+++ Dataset records
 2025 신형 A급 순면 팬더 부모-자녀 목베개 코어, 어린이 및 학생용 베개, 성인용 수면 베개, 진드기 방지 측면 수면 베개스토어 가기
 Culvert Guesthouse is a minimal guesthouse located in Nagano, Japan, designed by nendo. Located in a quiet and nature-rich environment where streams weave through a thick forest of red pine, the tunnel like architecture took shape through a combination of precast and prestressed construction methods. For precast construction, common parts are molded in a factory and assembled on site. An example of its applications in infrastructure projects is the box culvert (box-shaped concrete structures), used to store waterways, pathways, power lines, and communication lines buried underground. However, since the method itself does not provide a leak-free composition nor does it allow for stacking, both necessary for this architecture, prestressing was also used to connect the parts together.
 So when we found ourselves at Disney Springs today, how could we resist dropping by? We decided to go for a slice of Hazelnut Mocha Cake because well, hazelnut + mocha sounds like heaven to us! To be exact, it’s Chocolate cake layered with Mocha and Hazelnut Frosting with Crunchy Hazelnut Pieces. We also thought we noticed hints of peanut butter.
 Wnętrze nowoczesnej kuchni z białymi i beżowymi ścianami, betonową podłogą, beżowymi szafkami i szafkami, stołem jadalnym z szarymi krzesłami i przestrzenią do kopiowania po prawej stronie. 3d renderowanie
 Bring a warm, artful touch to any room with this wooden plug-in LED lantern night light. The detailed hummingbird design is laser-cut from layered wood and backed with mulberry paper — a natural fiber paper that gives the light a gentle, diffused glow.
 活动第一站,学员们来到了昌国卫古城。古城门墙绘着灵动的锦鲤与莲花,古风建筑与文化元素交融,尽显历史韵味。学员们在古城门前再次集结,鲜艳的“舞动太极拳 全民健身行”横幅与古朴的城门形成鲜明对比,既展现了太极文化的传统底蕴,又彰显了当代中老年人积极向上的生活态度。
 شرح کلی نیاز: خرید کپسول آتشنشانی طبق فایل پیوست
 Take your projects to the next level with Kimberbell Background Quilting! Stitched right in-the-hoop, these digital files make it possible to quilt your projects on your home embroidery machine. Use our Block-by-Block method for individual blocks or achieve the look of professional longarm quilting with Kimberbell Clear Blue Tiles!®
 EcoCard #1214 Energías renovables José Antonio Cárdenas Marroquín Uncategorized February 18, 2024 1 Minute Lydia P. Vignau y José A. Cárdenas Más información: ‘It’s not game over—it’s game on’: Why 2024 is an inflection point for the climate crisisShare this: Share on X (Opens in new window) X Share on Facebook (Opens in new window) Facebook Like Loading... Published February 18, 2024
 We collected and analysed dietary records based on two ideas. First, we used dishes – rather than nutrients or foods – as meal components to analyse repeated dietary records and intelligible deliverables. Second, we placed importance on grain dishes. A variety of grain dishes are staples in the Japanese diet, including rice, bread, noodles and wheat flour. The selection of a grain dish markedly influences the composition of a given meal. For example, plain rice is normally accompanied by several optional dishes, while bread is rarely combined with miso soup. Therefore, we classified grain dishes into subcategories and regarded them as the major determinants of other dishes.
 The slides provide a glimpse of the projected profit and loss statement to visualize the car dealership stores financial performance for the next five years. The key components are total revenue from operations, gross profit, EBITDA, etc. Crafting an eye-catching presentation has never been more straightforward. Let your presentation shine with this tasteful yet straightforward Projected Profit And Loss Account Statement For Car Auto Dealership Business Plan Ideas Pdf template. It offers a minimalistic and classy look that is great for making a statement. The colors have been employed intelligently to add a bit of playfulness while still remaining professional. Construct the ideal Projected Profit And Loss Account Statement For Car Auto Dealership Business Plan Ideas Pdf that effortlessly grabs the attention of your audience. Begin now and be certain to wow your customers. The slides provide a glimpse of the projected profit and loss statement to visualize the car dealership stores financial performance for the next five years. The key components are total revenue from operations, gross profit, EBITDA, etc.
++++++
Task brief:
Above are the records; print exactly the lines from the line with "活动第一站,学员们来到了昌国" to the line with "شرح کلی نیاز: خرید", including both, and nothing else.

Written response:
 活动第一站,学员们来到了昌国卫古城。古城门墙绘着灵动的锦鲤与莲花,古风建筑与文化元素交融,尽显历史韵味。学员们在古城门前再次集结,鲜艳的“舞动太极拳 全民健身行”横幅与古朴的城门形成鲜明对比,既展现了太极文化的传统底蕴,又彰显了当代中老年人积极向上的生活态度。
 شرح کلی نیاز: خرید کپسول آتشنشانی طبق فایل پیوست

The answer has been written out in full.